_Collected data_

Start of Block

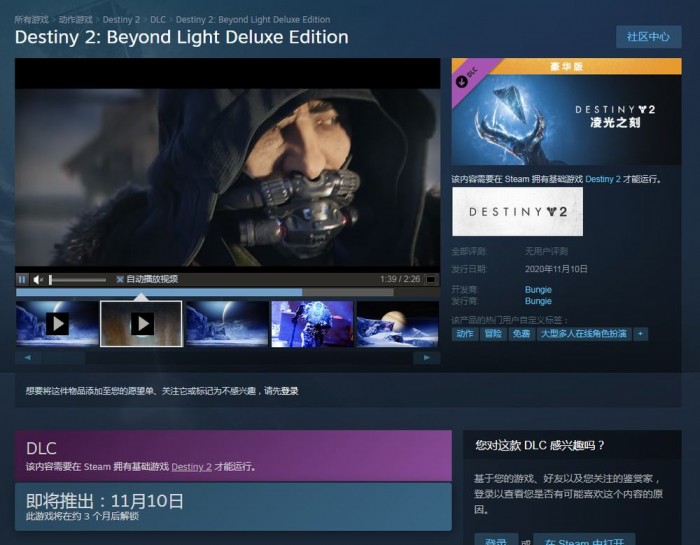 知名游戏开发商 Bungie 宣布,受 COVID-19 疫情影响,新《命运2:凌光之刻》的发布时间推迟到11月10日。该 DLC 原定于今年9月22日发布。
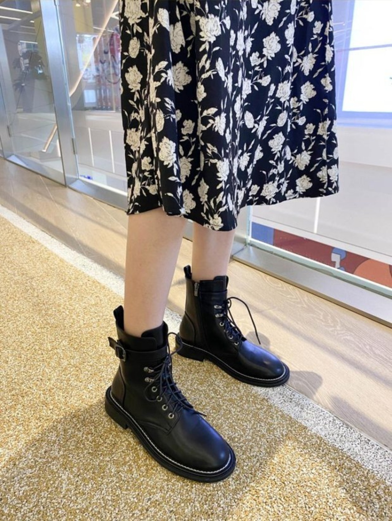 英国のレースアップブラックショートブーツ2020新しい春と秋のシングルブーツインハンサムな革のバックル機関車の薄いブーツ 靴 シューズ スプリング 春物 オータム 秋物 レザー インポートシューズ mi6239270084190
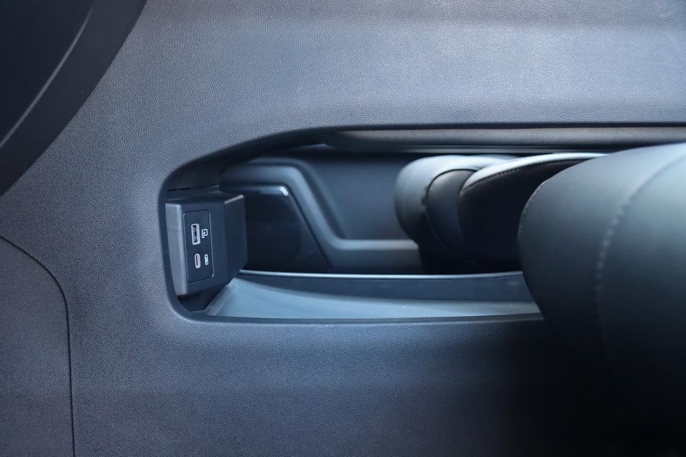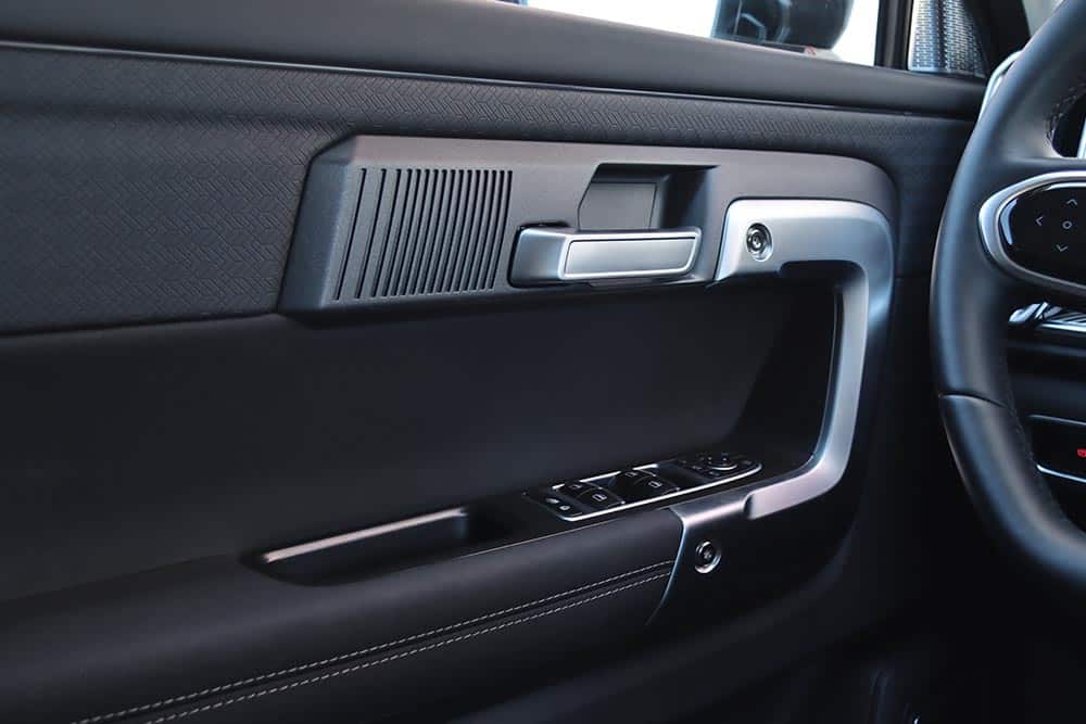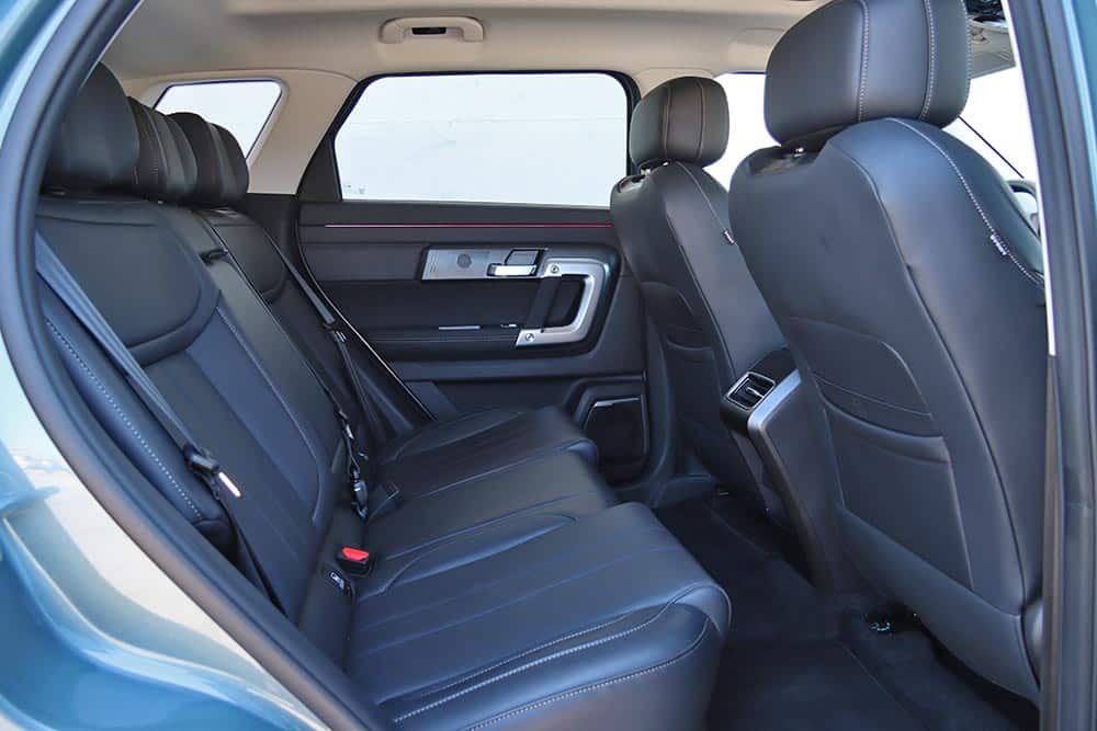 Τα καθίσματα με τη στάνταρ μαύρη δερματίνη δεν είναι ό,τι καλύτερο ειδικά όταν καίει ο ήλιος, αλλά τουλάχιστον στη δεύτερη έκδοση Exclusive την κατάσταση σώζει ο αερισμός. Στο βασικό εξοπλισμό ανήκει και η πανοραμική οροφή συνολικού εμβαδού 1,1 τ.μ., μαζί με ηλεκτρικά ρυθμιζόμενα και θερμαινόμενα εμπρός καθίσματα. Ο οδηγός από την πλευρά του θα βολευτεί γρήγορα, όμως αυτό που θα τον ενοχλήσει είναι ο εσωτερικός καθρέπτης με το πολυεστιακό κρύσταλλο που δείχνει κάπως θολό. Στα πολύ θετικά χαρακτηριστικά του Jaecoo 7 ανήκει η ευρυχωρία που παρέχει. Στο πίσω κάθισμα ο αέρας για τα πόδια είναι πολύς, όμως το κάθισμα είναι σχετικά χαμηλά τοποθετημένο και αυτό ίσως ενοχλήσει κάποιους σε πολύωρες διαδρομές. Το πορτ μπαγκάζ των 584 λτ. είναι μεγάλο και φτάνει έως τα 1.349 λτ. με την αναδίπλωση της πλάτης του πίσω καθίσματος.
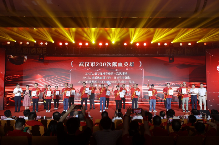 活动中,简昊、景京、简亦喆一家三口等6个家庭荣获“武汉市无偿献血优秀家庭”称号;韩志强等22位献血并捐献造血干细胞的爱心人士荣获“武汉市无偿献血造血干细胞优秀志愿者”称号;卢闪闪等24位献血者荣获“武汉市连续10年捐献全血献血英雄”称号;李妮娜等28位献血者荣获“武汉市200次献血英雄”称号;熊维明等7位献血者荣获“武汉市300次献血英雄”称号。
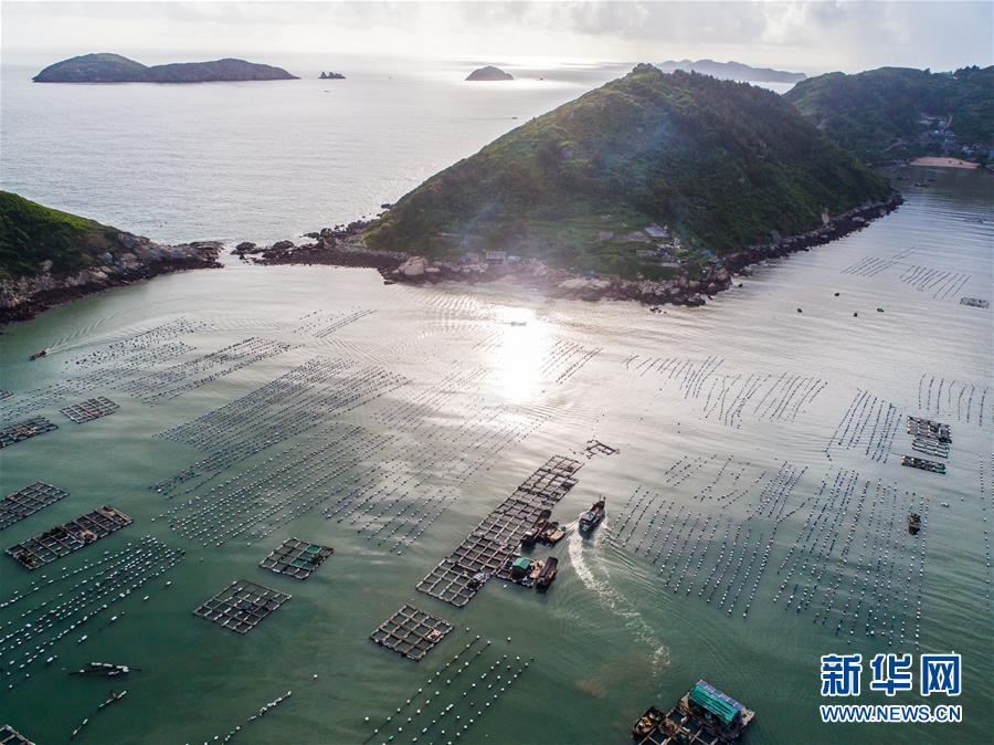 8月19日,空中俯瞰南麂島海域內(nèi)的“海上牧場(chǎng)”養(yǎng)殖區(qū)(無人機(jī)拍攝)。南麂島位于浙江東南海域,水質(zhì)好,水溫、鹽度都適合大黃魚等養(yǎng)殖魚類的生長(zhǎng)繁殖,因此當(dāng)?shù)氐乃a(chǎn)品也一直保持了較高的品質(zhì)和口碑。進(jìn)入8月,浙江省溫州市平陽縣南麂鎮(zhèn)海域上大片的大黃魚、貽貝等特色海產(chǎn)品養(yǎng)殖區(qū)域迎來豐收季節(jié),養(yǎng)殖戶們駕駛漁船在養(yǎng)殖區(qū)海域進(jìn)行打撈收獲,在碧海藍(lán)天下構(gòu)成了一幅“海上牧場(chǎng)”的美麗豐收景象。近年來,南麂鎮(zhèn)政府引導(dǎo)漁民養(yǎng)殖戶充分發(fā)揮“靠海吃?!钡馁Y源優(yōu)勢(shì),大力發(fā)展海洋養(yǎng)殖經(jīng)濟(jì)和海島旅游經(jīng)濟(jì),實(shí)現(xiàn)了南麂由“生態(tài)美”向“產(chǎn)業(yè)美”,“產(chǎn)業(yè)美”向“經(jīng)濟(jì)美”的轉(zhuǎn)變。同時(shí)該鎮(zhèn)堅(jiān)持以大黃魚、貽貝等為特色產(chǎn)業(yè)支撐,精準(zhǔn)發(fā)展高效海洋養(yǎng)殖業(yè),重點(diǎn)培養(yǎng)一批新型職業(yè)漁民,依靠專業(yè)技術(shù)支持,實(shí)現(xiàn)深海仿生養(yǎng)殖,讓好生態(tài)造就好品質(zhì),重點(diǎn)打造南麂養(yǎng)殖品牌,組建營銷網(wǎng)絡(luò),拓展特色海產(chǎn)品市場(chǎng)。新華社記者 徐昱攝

End of Block

_Problem requirements_
Skipping any images, write out all the data exactly.

_Expected answer_
 知名游戏开发商 Bungie 宣布,受 COVID-19 疫情影响,新《命运2:凌光之刻》的发布时间推迟到11月10日。该 DLC 原定于今年9月22日发布。
 英国のレースアップブラックショートブーツ2020新しい春と秋のシングルブーツインハンサムな革のバックル機関車の薄いブーツ 靴 シューズ スプリング 春物 オータム 秋物 レザー インポートシューズ mi6239270084190
 Τα καθίσματα με τη στάνταρ μαύρη δερματίνη δεν είναι ό,τι καλύτερο ειδικά όταν καίει ο ήλιος, αλλά τουλάχιστον στη δεύτερη έκδοση Exclusive την κατάσταση σώζει ο αερισμός. Στο βασικό εξοπλισμό ανήκει και η πανοραμική οροφή συνολικού εμβαδού 1,1 τ.μ., μαζί με ηλεκτρικά ρυθμιζόμενα και θερμαινόμενα εμπρός καθίσματα. Ο οδηγός από την πλευρά του θα βολευτεί γρήγορα, όμως αυτό που θα τον ενοχλήσει είναι ο εσωτερικός καθρέπτης με το πολυεστιακό κρύσταλλο που δείχνει κάπως θολό. Στα πολύ θετικά χαρακτηριστικά του Jaecoo 7 ανήκει η ευρυχωρία που παρέχει. Στο πίσω κάθισμα ο αέρας για τα πόδια είναι πολύς, όμως το κάθισμα είναι σχετικά χαμηλά τοποθετημένο και αυτό ίσως ενοχλήσει κάποιους σε πολύωρες διαδρομές. Το πορτ μπαγκάζ των 584 λτ. είναι μεγάλο και φτάνει έως τα 1.349 λτ. με την αναδίπλωση της πλάτης του πίσω καθίσματος.
 活动中,简昊、景京、简亦喆一家三口等6个家庭荣获“武汉市无偿献血优秀家庭”称号;韩志强等22位献血并捐献造血干细胞的爱心人士荣获“武汉市无偿献血造血干细胞优秀志愿者”称号;卢闪闪等24位献血者荣获“武汉市连续10年捐献全血献血英雄”称号;李妮娜等28位献血者荣获“武汉市200次献血英雄”称号;熊维明等7位献血者荣获“武汉市300次献血英雄”称号。
 8月19日,空中俯瞰南麂島海域內(nèi)的“海上牧場(chǎng)”養(yǎng)殖區(qū)(無人機(jī)拍攝)。南麂島位于浙江東南海域,水質(zhì)好,水溫、鹽度都適合大黃魚等養(yǎng)殖魚類的生長(zhǎng)繁殖,因此當(dāng)?shù)氐乃a(chǎn)品也一直保持了較高的品質(zhì)和口碑。進(jìn)入8月,浙江省溫州市平陽縣南麂鎮(zhèn)海域上大片的大黃魚、貽貝等特色海產(chǎn)品養(yǎng)殖區(qū)域迎來豐收季節(jié),養(yǎng)殖戶們駕駛漁船在養(yǎng)殖區(qū)海域進(jìn)行打撈收獲,在碧海藍(lán)天下構(gòu)成了一幅“海上牧場(chǎng)”的美麗豐收景象。近年來,南麂鎮(zhèn)政府引導(dǎo)漁民養(yǎng)殖戶充分發(fā)揮“靠海吃?!钡馁Y源優(yōu)勢(shì),大力發(fā)展海洋養(yǎng)殖經(jīng)濟(jì)和海島旅游經(jīng)濟(jì),實(shí)現(xiàn)了南麂由“生態(tài)美”向“產(chǎn)業(yè)美”,“產(chǎn)業(yè)美”向“經(jīng)濟(jì)美”的轉(zhuǎn)變。同時(shí)該鎮(zhèn)堅(jiān)持以大黃魚、貽貝等為特色產(chǎn)業(yè)支撐,精準(zhǔn)發(fā)展高效海洋養(yǎng)殖業(yè),重點(diǎn)培養(yǎng)一批新型職業(yè)漁民,依靠專業(yè)技術(shù)支持,實(shí)現(xiàn)深海仿生養(yǎng)殖,讓好生態(tài)造就好品質(zhì),重點(diǎn)打造南麂養(yǎng)殖品牌,組建營銷網(wǎng)絡(luò),拓展特色海產(chǎn)品市場(chǎng)。新華社記者 徐昱攝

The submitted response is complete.